Les investisseurs financiers ne sont en principe pas connus pour leur vision de développement durable d’une entreprise et cherchent plutôt à augmenter rapidement la rentabilité de l’entreprise afin de la revendre avec profit à un investisseur financier ou stratégique. En conséquence, la rentabilité doit retrouver son niveau d’avant la crise d’ici la fin de l’année. Cela ne sera vraisemblablement pas le cas du site de Zurich.

Les syndicats insistent sur le retour à la CCT de 2019 et l’ont confirmé par une action de protestation à l’aéroport de Zurich. Swissport, d’autre part, insiste sur le maintien de la définition de crise définie et signée avec les syndicats pour 2022 et veut soit négocier une nouvelle CCT à partir de 2023. Dans le cas contraire, seule l’émission de contrats de travail individuels entrerait en ligne de compte.

Personnel supplémentaire recherché

Dans le monde entier, l’entreprise a licencié environ 25’000 collaborateurs, ce qui n’a pas manqué de susciter des critiques. Depuis décembre 2021, 950 postes supplémentaires ont été créés en Suisse. D’ici la fin de l’année, 150 autres postes sont prévus à Zurich et 100 autres à Genève.

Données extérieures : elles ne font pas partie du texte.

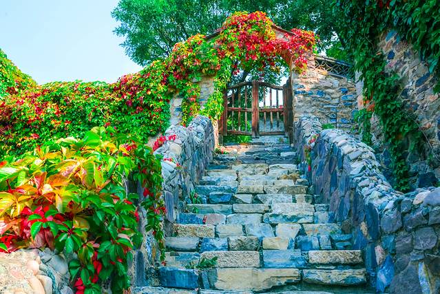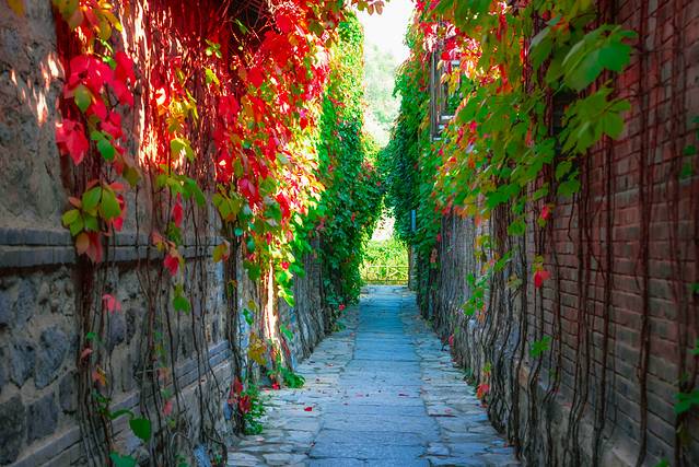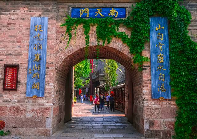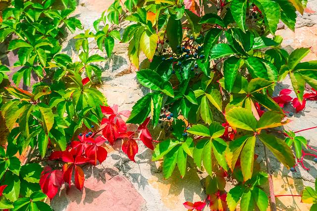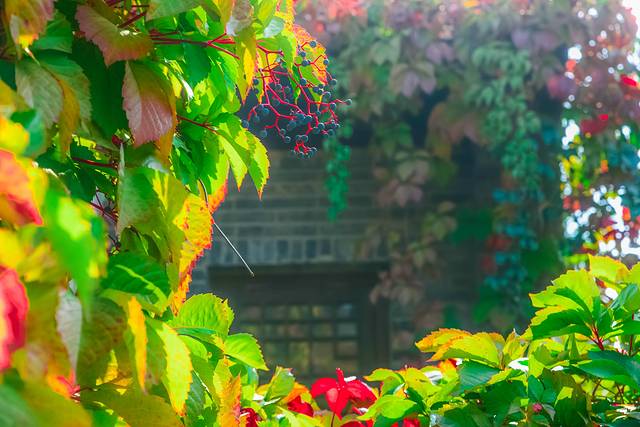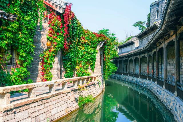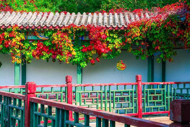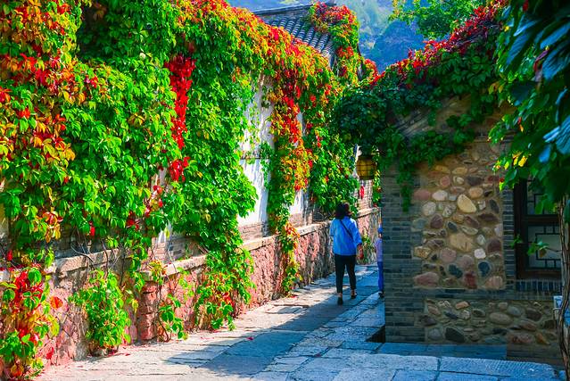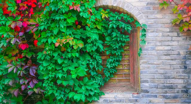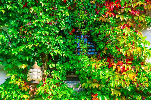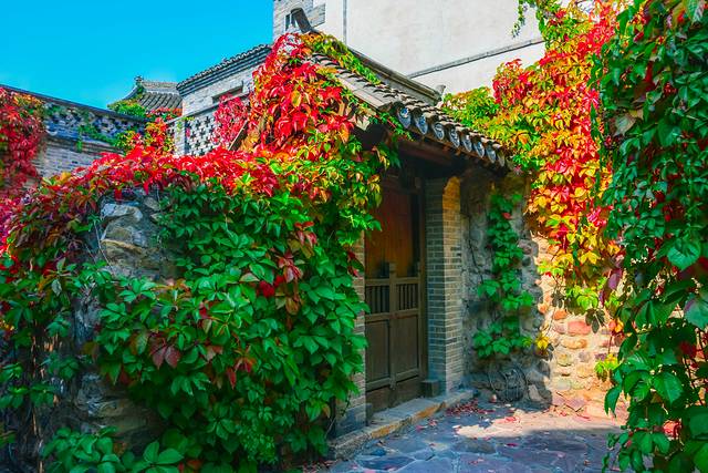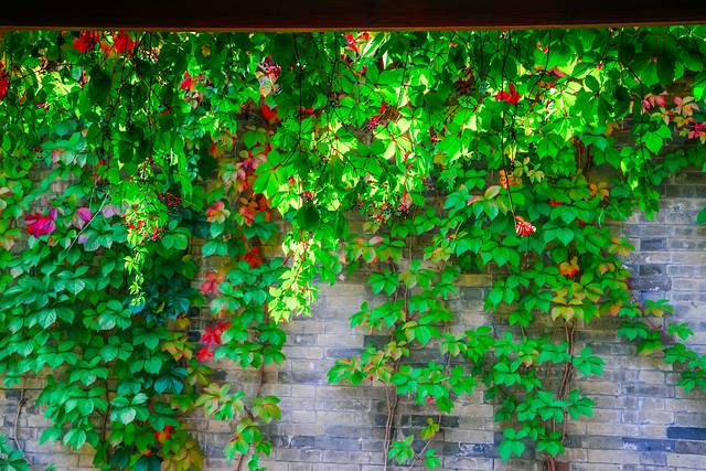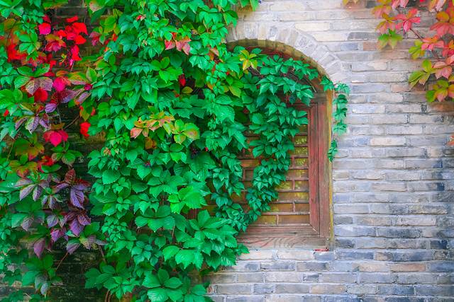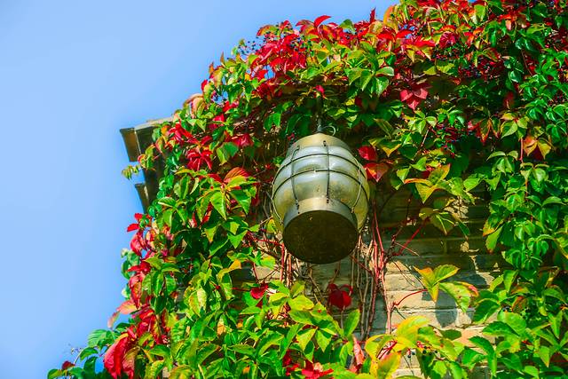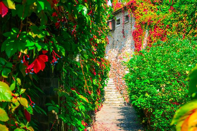 走小镇的青砖粉黛之间,火红的叶子爬满墙头,尽情地张扬着热烈和喧闹,仿佛要用尽力气,来渲染这个季节,而入眼的几簇绿意,依然有着令人兴奋的生机。

Pour atteindre les objectifs de bénéfices des investisseurs, à savoir 430 millions d’euros d’ici 2025 et une marge bénéficiaire de 11,5%, comme il ressort d’une mise à jour des investisseurs de l’autorité américaine de surveillance des marchés boursiers, il faut augmenter l’efficacité en automatisant davantage et en réduisant le personnel dans les quelque 280 aéroports du monde entier. Reste à savoir comment cela s’accorde avec les revendications des syndicats.

Marco Bötschi, directeur de l’escale de Swissport à Zurich, a déclaré à la NZZ: «Nous avons bon espoir de parvenir à un accord d’ici la fin de l’année et nous sommes attachés au partenariat social de longue date.»